*** Opening of Supplied entries ***

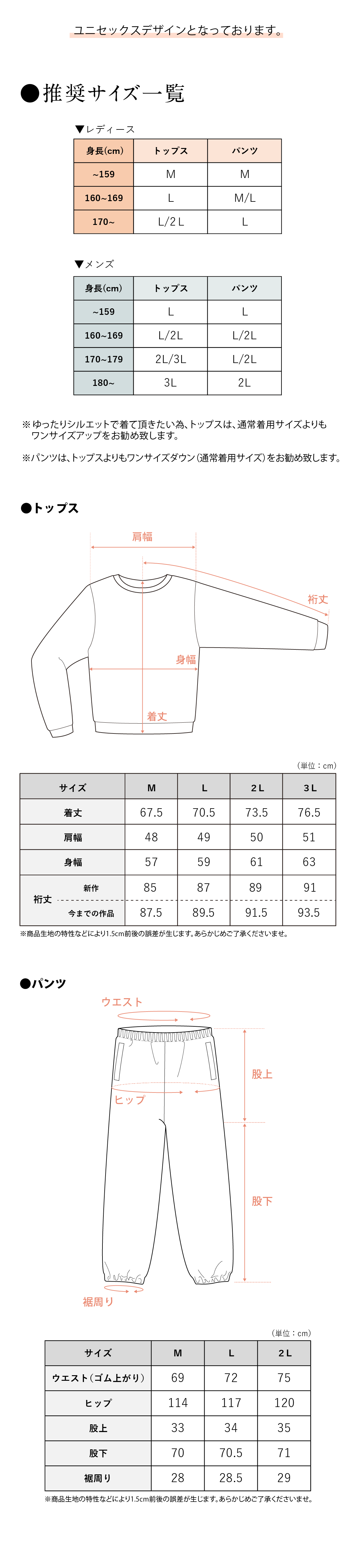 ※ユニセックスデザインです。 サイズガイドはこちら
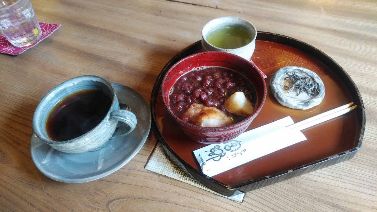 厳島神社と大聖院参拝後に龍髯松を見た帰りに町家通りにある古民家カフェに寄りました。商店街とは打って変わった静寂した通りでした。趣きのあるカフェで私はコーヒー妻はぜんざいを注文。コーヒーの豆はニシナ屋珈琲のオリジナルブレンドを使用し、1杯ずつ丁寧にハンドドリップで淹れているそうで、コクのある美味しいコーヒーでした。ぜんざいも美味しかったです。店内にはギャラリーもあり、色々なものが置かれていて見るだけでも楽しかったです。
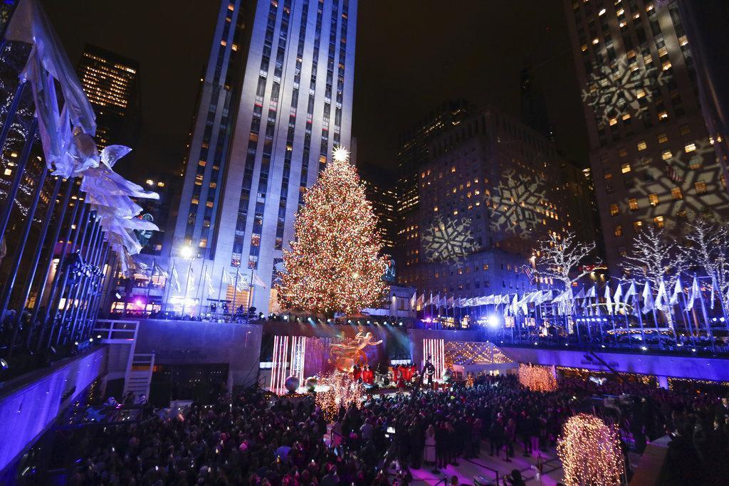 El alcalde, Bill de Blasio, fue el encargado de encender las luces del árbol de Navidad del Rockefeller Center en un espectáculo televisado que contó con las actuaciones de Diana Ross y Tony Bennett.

*** Close of Supplied entries ***
*** Opening of Supplied entries ***

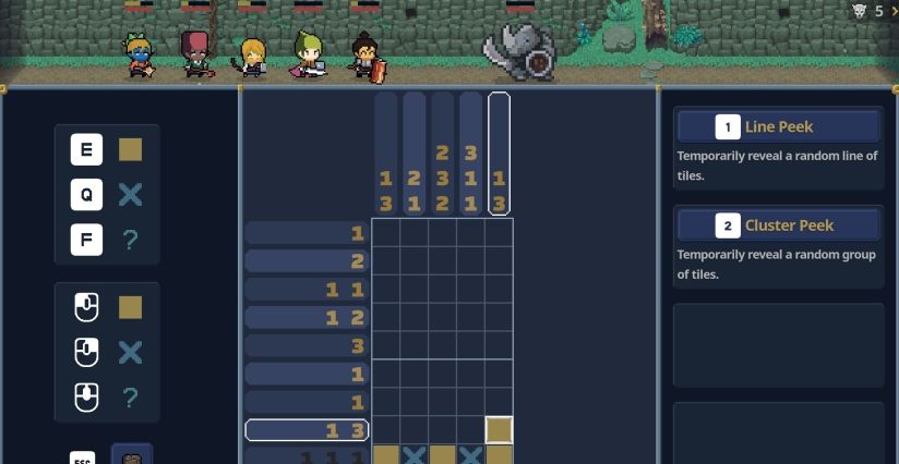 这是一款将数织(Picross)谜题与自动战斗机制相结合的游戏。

*** Close of Supplied entries ***

Would you copy the lines above exactly, starting with the one that has "厳島神社と大聖院参拝後に龍髯" and ending with the one that has "El alcalde, Bill", both included, without the pictures?

 厳島神社と大聖院参拝後に龍髯松を見た帰りに町家通りにある古民家カフェに寄りました。商店街とは打って変わった静寂した通りでした。趣きのあるカフェで私はコーヒー妻はぜんざいを注文。コーヒーの豆はニシナ屋珈琲のオリジナルブレンドを使用し、1杯ずつ丁寧にハンドドリップで淹れているそうで、コクのある美味しいコーヒーでした。ぜんざいも美味しかったです。店内にはギャラリーもあり、色々なものが置かれていて見るだけでも楽しかったです。
 El alcalde, Bill de Blasio, fue el encargado de encender las luces del árbol de Navidad del Rockefeller Center en un espectáculo televisado que contó con las actuaciones de Diana Ross y Tony Bennett.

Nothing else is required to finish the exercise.